Fresh Start Accounting - A Path Forward

By Jamie Sieman, ASA, Principal
September 29th, 2020

Companies that find themselves in financial distress have limited options for survival. While a down round equity raise, new debt financing or a sale of the company are a solution for some, many companies pursue a reorganization, filing for bankruptcy protection under Chapter 11 of the US Bankruptcy Code.

FRESH START ACCOUNTING

If a Chapter 11 Bankruptcy is pursued, the fair value of all underlying assets and liabilities may be required as a critical component of the new opening day balance sheet, in compliance with Fresh Start Accounting, as governed by the Financial Accounting Standards Board’s Accounting Standards Codification (ASC) 852 – Reorganizations and ASC 820 – Fair Value Measurements.

Fresh Start Accounting provides guidance for companies emerging from bankruptcy, including the requirement that the balance sheet and related assets of a company emerging from bankruptcy be restated at fair value. Fair value is defined in ASC 820 as: “the price that would be received to sell an asset or paid to transfer a liability in an orderly transaction between market participants at the measurement date.”

Fair value is often described as an “exit value” because the definition is based solely upon the price one would receive if they were to sell the asset, there is no consideration as to the seller’s perspective, as opposed to the Fair Market Value standard, which includes the point of view of both the “willing buyer and willing seller.” One can see where an “exit value” perspective makes sense in a reorganization.

Balance sheet adjustments to reflect the impact of Fresh Start Accounting are similar to accounting for mergers and acquisitions under ASC 805 – Business Combinations. However, in the case of Fresh Start Accounting, the company’s reorganization value is the basis for the allocation, as opposed to the total transaction consideration being the basis in a business combination (change in control transactions).

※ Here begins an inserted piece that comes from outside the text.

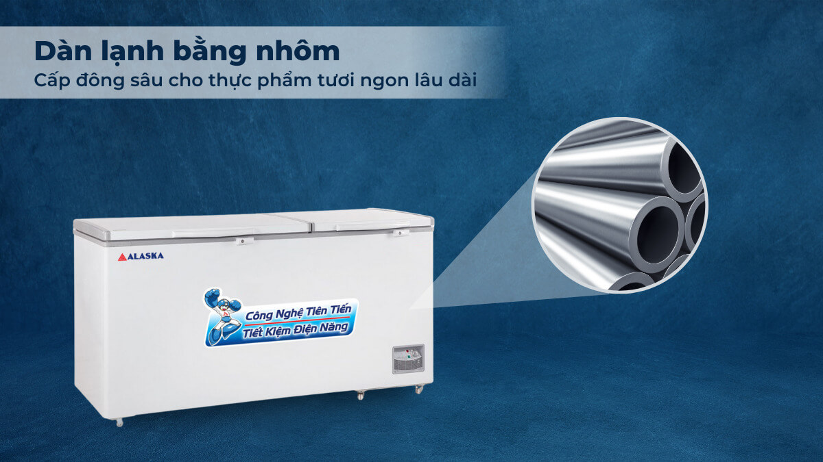 Tủ Đông Alaska 588 Lít HB-890 sở hữu dàn lạnh bằng nhôm có độ bền cao. Đặc biệt nhôm là kim loại thuộc nhóm truyền nhiệt tốt nên có khả năng giúp tủ cấp đông sâu cho thực phẩm. Cụ thể chiếc tủ đông Alaska này có thể đạt được nhiệt độ âm sâu đến 24ºC. Ở mức nhiệt độ này, toàn bộ thực phẩm đều được cấp đông hoàn toàn đảm bảo sự tươi ngon và các chất dinh dưỡng vốn có. Ngoài ra, nhiệt độ âm sâu cũng giúp ức chế các tác nhân gây hại làm ảnh hướng đến chất lượng của thực phẩm.

While an entity that emerges from Chapter 11 is considered a new legal entity, it does not always qualify for Fresh Start Accounting (a change in the historical book basis of the assets and liabilities of the emerging entity). An emerging entity qualifies for Fresh Start Accounting only if both of the following conditions are met:

  1. The reorganization value of the assets immediately before the date of confirmation is less than the post-petition liabilities and allowed claims, AND
  2. Control changes (i.e., the pre-petition shareholders lose control of the emerging entity by receiving less than 50% of the voting shares of the emerging entity).

If either condition is not met, a new reporting entity is not created for accounting purposes, and the entity does not qualify for Fresh Start Accounting.

Reorganization Value

ASC 852 defines reorganization value as:

“The value attributable to the reconstituted entity, as well as the expected net realizable value of those assets that will be disposed of before reconstitution occurs. This value is viewed as the value of the entity before considering liabilities and approximates the amount a willing buyer would pay for the assets of the entity immediately after restructuring.”

Reorganization value is often determined during the bankruptcy process and is the basis for the company’s Fresh Start Accounting exercise. This reorganization (fresh start) value is often measured utilizing a discounted cash flow approach based on the company’s new cash flow projections included in the reorganization plan.

Once the reorganization value had been established, the emerging entity follows similar guidelines in accounting for the fair value of its assets and liabilities as though it were a new acquisition. The reorganization value is allocated in accordance with the procedures set forth in ASC 805. This requires a valuation of the assets including any underlying real property, tangible assets and recognized intangible assets including assets that may not have been capitalized prior to the reorganization, such as trademark and tradename. Any value not allocated as a result of the analysis is reported as goodwill.

Summary

Obviously, accounting for bankruptcy transactions involves an in depth understanding of specific financial reporting requirements. Fresh Start Accounting rules require that valuation professionals in every discipline (financial, equipment, and real estate) have an understanding of valuation principles and methodologies. An independent multidisciplinary valuation firm with in-depth experience in similar engagements is a key component in a complex plan to assist companies as they emerge from bankruptcy.